Moderator Joko Winterscheidt macht dazu ne klare Ansage: „Ich bin ein Kerl, ich find‘ die Schinkenfee geil!“ Die Erfindung aus Espenau geht u.a. gegen ein auf Handgepäck Größe zusammenklappbares Fahrrad, eine aufklappbare Kuchenform und eine praktische Tragehilfe für Holzscheite ins Rennen. Die vier Experten testen stellvertretend für die Zuschauer die präsentierten Erfindungen auf ihre Alltagstauglichkeit, stellen kritische Fragen und geben ihre persönliche Meinung ab. Anschließend entscheidet in jeder Show das Studio-Publikum, welches „Ding“ im Live-Finale die Chance auf den 100.000-Euro-Gewinn erhält.

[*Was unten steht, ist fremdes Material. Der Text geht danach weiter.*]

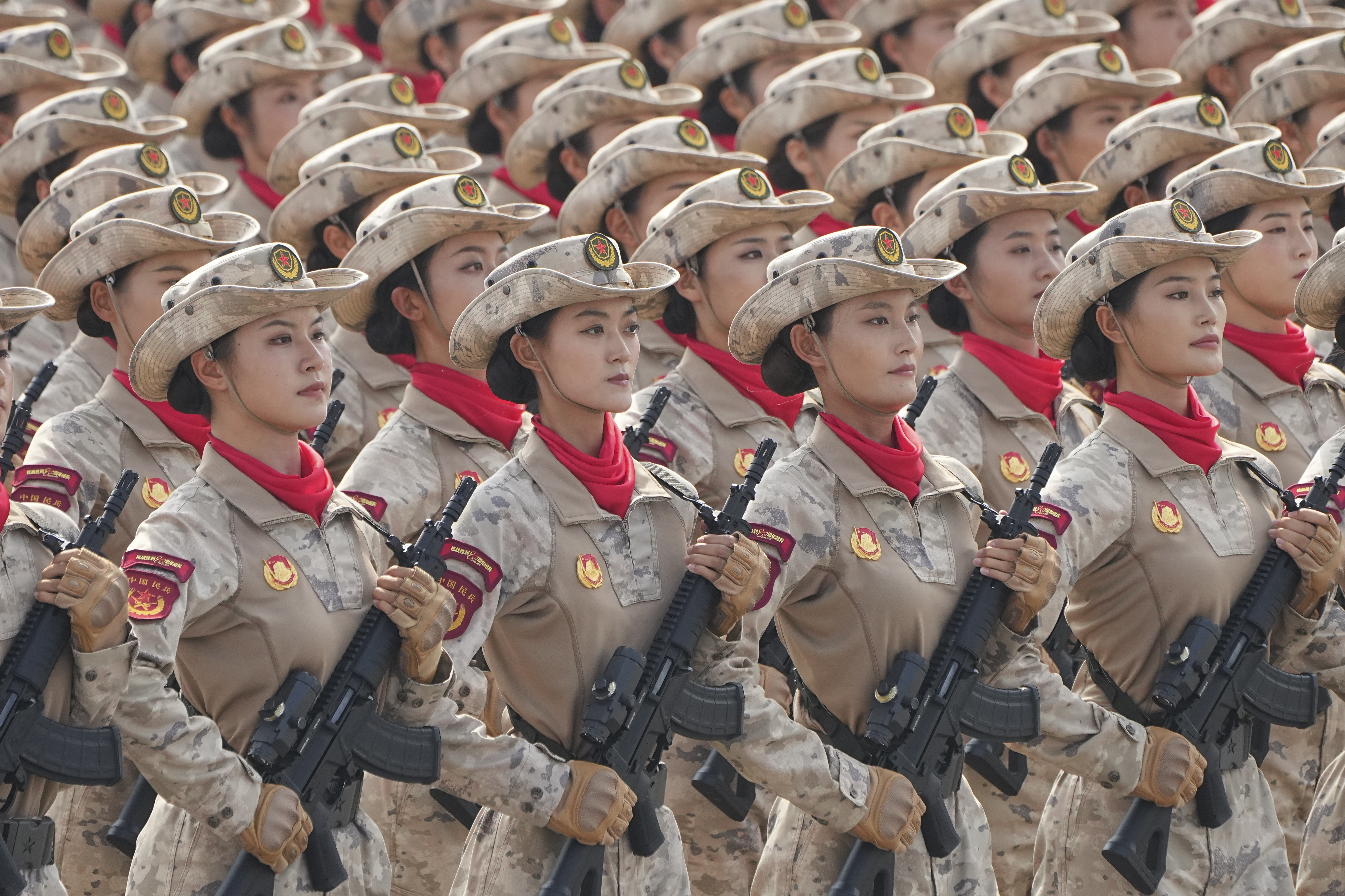 民兵方队全部由女民兵组成。这是民兵首次亮相以纪念抗战胜利为主题的阅兵活动。
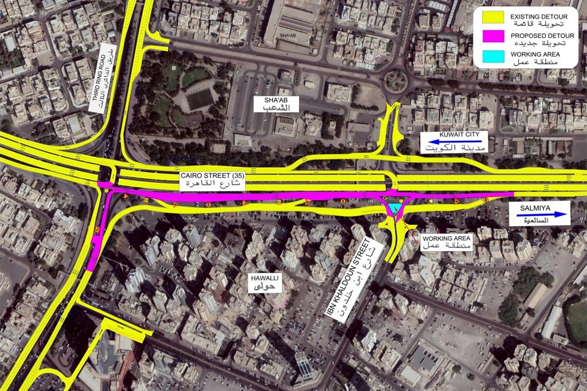 أعلنت الهيئة العامة للطرق والنقل البري بالتعاون مع الإدارة العامة للمرور عن افتتاح تحويلة مرورية للقادم من الدائري الثالث من «طريق 40» باتجاه شارع القاهرة لإستكمال أعمال الطرق النهائية بالمنطقة وذلك فجر يوم الخميس الموافق 22 أغسطس الجاري.

Geld, das dem Nordhessen-Paar gut gelegen käme, wenn Grazyna Szalkowska-Mendel zurückschaut: „Dieser Weg war sehr steinig. Wir hatten nicht so viel Geld. Ich musste meine Wohnung und mein Auto verkaufen.“

Erfinderin Grazyna Szalkowska-Mendel (56/re.) aus Espenau  mit (v.li.) Lea-Sophie Cramer, Joko Winterscheidt, Hans-Jürgen Moog und Lena Gercke.

 

Das Ding des Jahres

Eine Beschleunigungshilfe fürs Schneeschaufeln. Ein Airbag für Handys. Eine aufklappbare Backform. Was wird „Das Ding des Jahres“ 2019? Die ProSieben-Erfindershow geht ab dem 19. Februar, immer dienstags um 20.15 Uhr, auf Sendung – mit einer Extra-Portion Frauen-Expertise: „Amorelie“-Gründerin und -Geschäftsführerin Lea-Sophie Cramer verstärkt 2019 das Kompetenzteam um Rewe-Einkaufschef Hans-Jürgen Moog und die Moderatoren Lena Gercke und Joko Winterscheidt.